The bad news keeps streaming in for BlackBerry

The Wall Street Journal reported this week that BlackBerry was on the verge of slashing 40 percent of its workforce. Today, that news has come to fruition as the company announced that it would lay off 4,500 employees. This will leave BlackBerry with 7,000 employees worldwide.
In addition, the Canadian-based company announced some rather disastrous financials as well. We have been reported for quite some time that sales of BB10-based devices (Z10, Q10) have flopped since their introduction earlier this year. But now we know the full extent of the damage -- BlackBerry is taking a non-cash, pre-tax charge of $930 to $960 million primarily due to unsold Z10 smartphones. That figure ranks right up there with Microsoft's nearly $1B charge for its Surface tablets.
When the dust settles on fiscal Q2 2014, BlackBerry is expecting a GAAP net operating loss of $950 to $995 million.

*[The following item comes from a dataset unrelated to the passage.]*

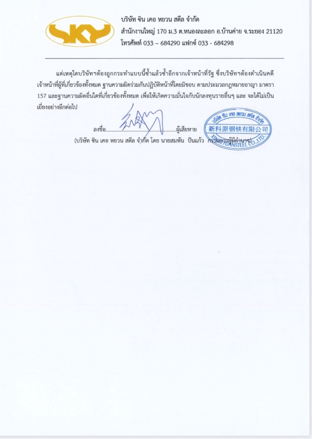 “เหตุใดบริษัทฯต้องถูกกระทำแบบนี้ซ้ำแล้วซ้ำอีกจากเจ้าหน้าที่รัฐ ซึ่งบริษัทฯ จะดำเนินคดีหน้าที่ผู้เกี่ยวข้องทั้งหมด ฐานความผิดร่วมกันปฏิบัติหน้าที่โดยมิชอบ ตามประมวลกฎหมายอาญา มาตรา 157 และฐานความผิดอื่นใดที่เกี่ยวข้องทั้งหมด เพื่อให้เกิดความมั่นใจกับนักลงทุนรายอื่นๆ” นายเขมพัสตร์ ระบุ

BlackBerry President and CEO Thorsten Heins [Image Source: The Star]
"We are implementing the difficult, but necessary operational changes announced today to address our position in a maturing and more competitive industry, and to drive the company toward profitability," said BlackBerry President and CEO Thorsten Heins. Going forward, we plan to refocus our offering on our end-to-end solution of hardware, software and services for enterprises and the productive, professional end user. This puts us squarely on target with the customers that helped build BlackBerry into the leading brand today for enterprise security, manageability and reliability."

BlackBerry will also transition away from producing consumer-centric smartphones and will instead focus on what it calls "enterprise and prosumer-centric" devices. Its smartphone device-count will drop from six to four, with two high-end and two entry-level smartphones.

Under this new arrangement, the laggard Z10 will become one of the two entry-level models while the newly announced Z30 will fill in one of the "high-end" slots.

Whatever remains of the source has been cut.